脱原発を掲げ、今年2月の東京都知事選挙に出馬した細川護熙(もりひろ)氏と小泉純一郎氏の元首相コンビが、また動き始めた。

今度は一般社団法人「自然エネルギー推進会議」という組織をつくり、国民を巻き込んだ脱原発の大きな流れをつくり出そうとしているのだ(5月7日に設立総会を開催予定)。

この自然エネ会議には、梅原猛(哲学者)、瀬戸内寂聴(作家)、菅原文太(元・俳優)、吉永小百合(俳優)、ドナルド・キーン(日本文学者)、市川猿之助(歌舞伎俳優)ら、そうそうたる著名人が発起人や賛同人に名を連ねている。

また、来年春に行なわれる統一地方選挙で、脱原発を掲げる候補者を支援する可能性が強いことなどから、安倍政権に対抗する大きな勢力になるともいわれている。

この自然エネ会議、今後どのような動きをするのか。

ジャーナリストの須田慎一郎氏に聞いた。

「小泉純一郎さんは、首相退任後、『国際公共政策研究センター』というシンンクタンクを拠点にして活動をしていました。ここはトヨタやキヤノン、東京電力といった経団連(日本経済団体連合会)の中心企業が約18億円を出資して小泉さんのためにつくった組織です。

そして昨年8月、このシンクタンクが中心となって、小泉さんのドイツ・フィンランド原発施設視察が行なわれました。これは小泉さんに原発再稼働について理解を深めてもらうためでした。

しかし、この視察で逆に脱原発のほうに動いてしまったんです。そのため、今年に入ってシンクタンクの資金がなくなってしまったときに、経団連などの企業がお金を出しませんでした。そこで、小泉さんは活動資金がなくなってしまったんです。

そんなときに出会ったのが、楽天の三木谷浩史氏を中心とする新経連(新経済連盟)のメンバーでした。経団連に対抗するため政治力をつけたい三木谷さんらと、国際公共政策研究センターに頼っていたのでは活動を続けられない小泉さんの思惑が一致してできたのが、今回の自然エネ会議なんです。経済界の新旧対決から生まれたニュースですね」

小泉・細川という金看板で新党ができる?

ということは、政治的に大きな動きになることは、期待できないということ?

「自然エネ会議はあくまで一般社団法人であって、政治資金団体ではないですからね。小泉さんのお金の問題でできた団体なので、小泉さんと細川さんの個人的な活動が中心になっていくと思います。 それに、小泉さんは自分から進んで仲間をつくろうというタイプではありませんから……。

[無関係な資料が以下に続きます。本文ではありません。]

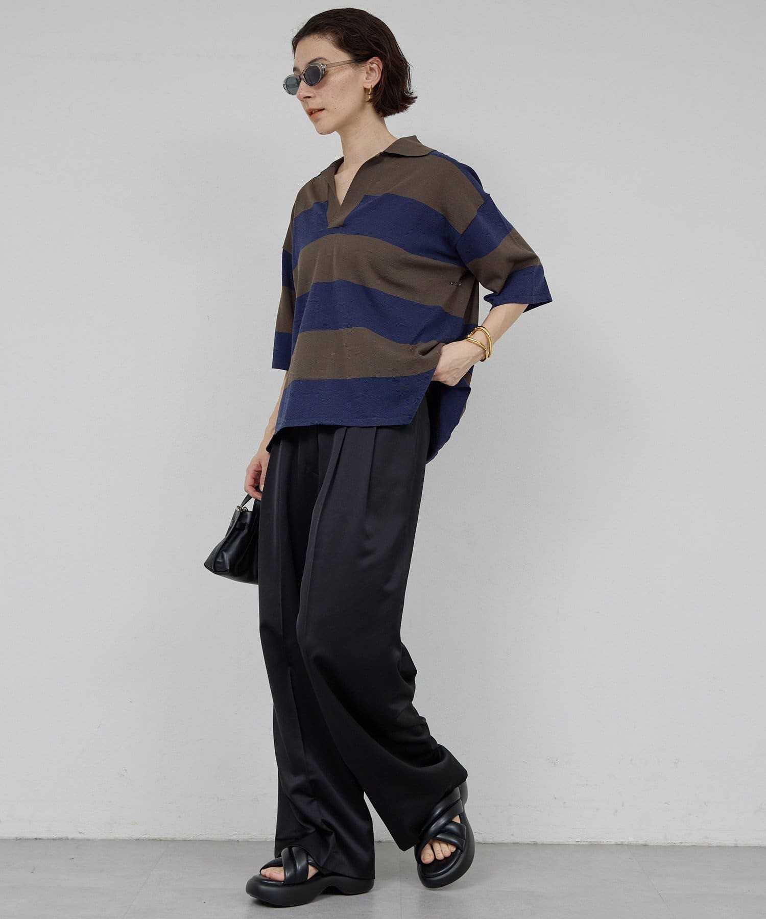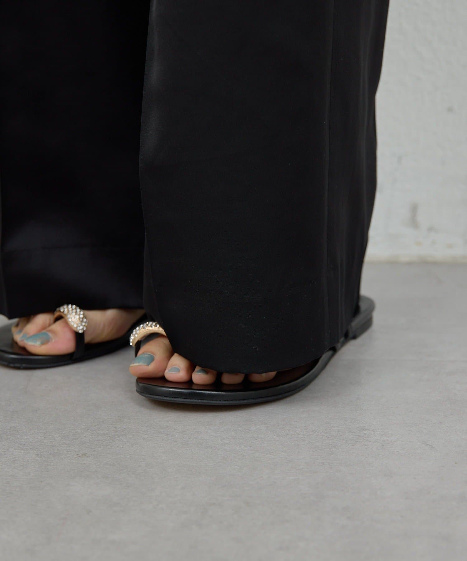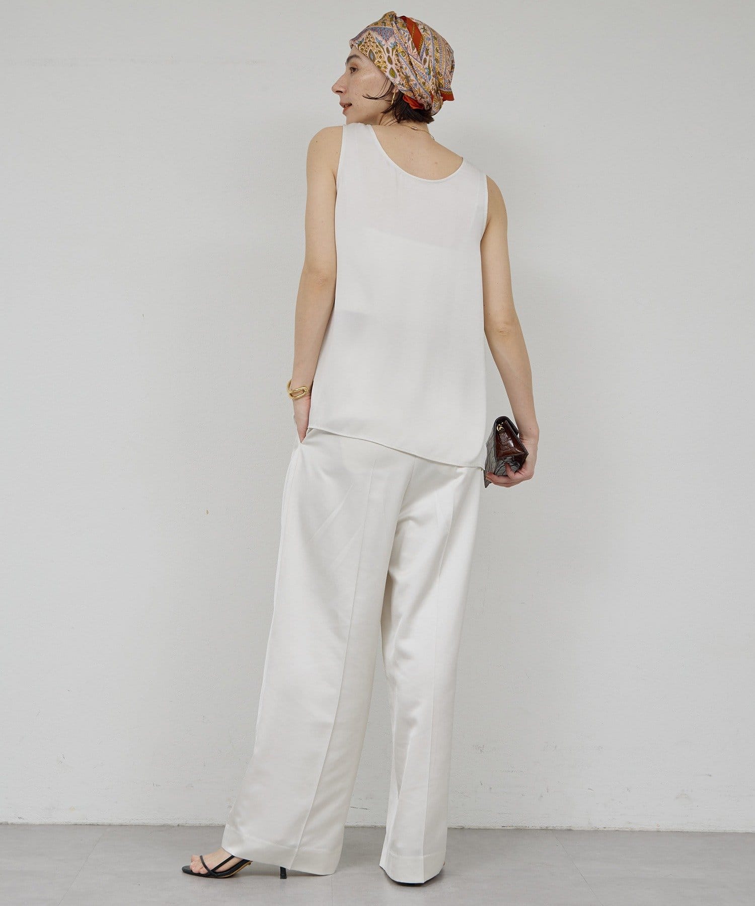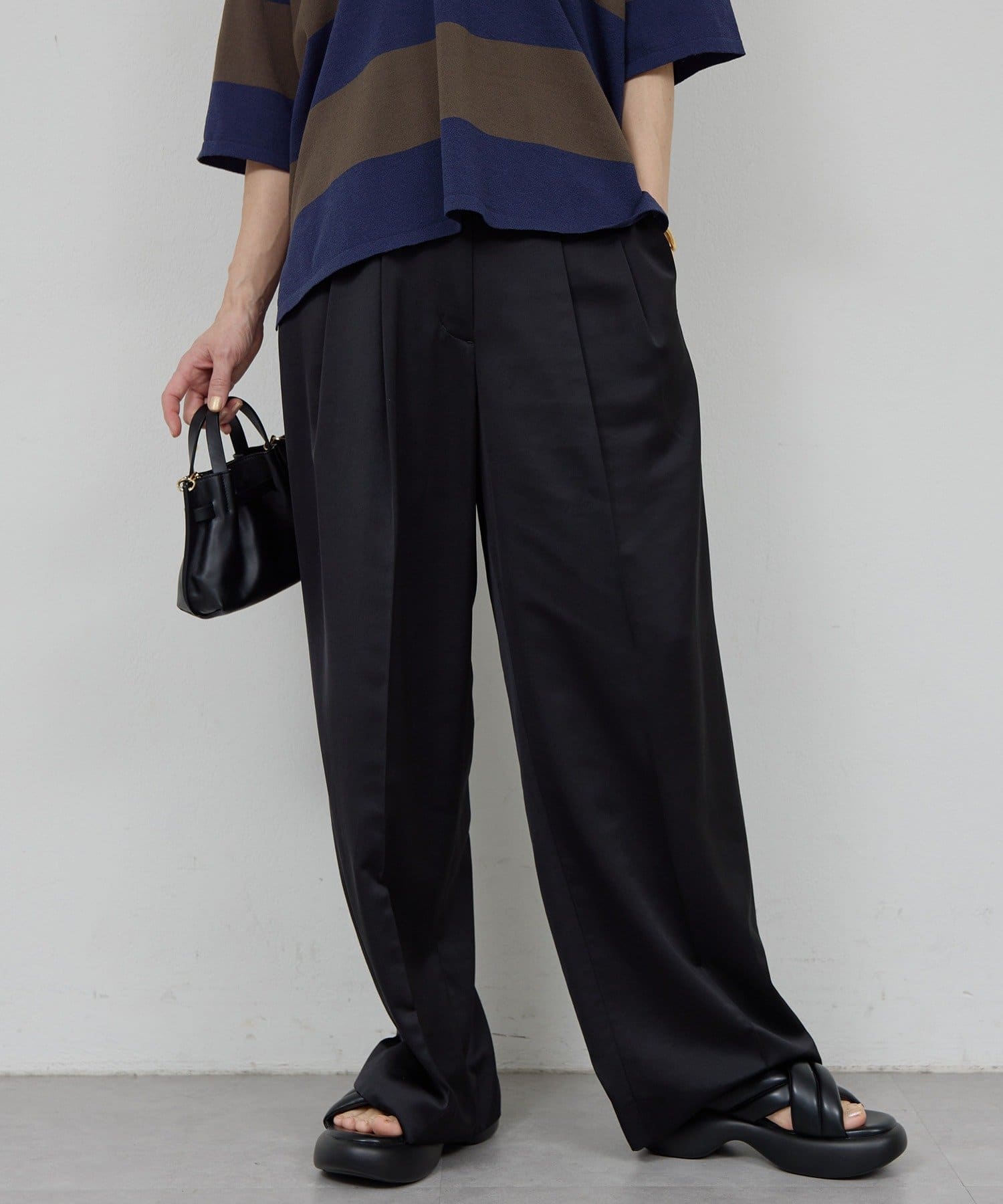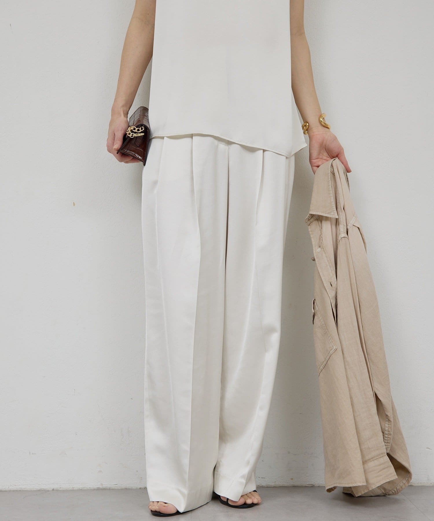 ●程よい光沢感が上品なサテンパンツ。
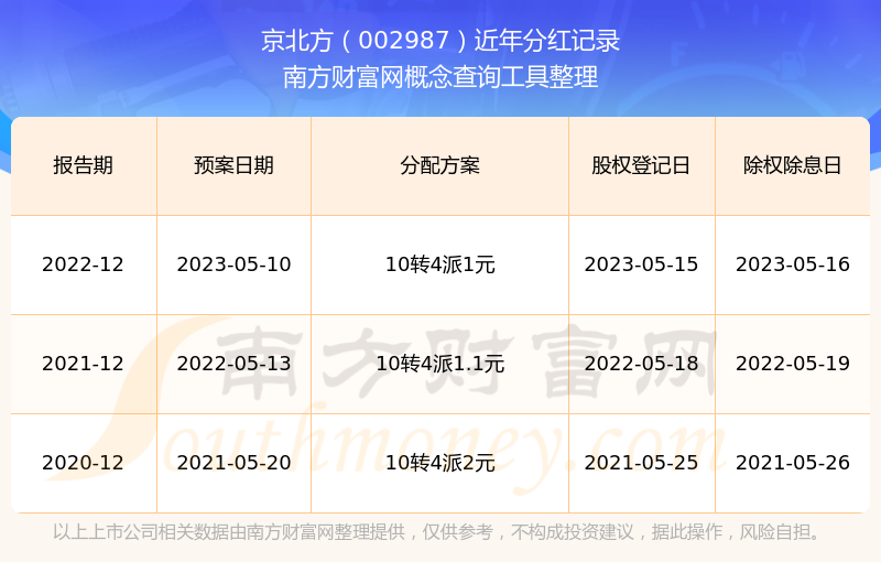一、京北方(002987)股票分紅記錄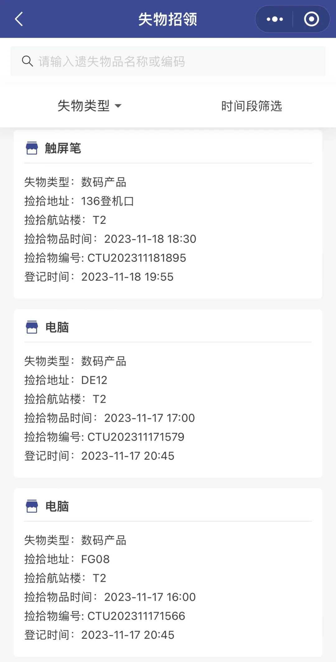▲双流机场、天府机场公示的旅客近日遗失物品

ただ、リアルな政治の現場では、今、日本維新の会と結いの党が歩み寄っていますよね。来年の春に行なわれる統一地方選に向けて、新しい政治勢力を集結しようとしています。

また、今の安倍さんの政治手法や方向性に対して、野党だけでなく自民党の中にも違和感を覚えている人はたくさんいるはず。そうした人たちの受け皿になる可能性はあります」

新党ができるかもしれない?

「小泉・細川という金看板があれば、国民の支持を多く集められると考える人たちが出てくれば、ですね。小泉さんも、細川さんも、今は政治家ではないので、自分たちが先頭に立って、新党を立ち上げようということにはならないと思いますよ」

小泉・細川の元首相コンビが、ここで一気に脱原発のムーブメントを起こし、都知事選のリベンジをするのかと思いきや、その内情は、なんだか煮え切らない感じ。

小泉劇場第2弾「脱原発編」は、都知事選に続き、自然エネ会議も尻すぼみになってしまうのだろうか?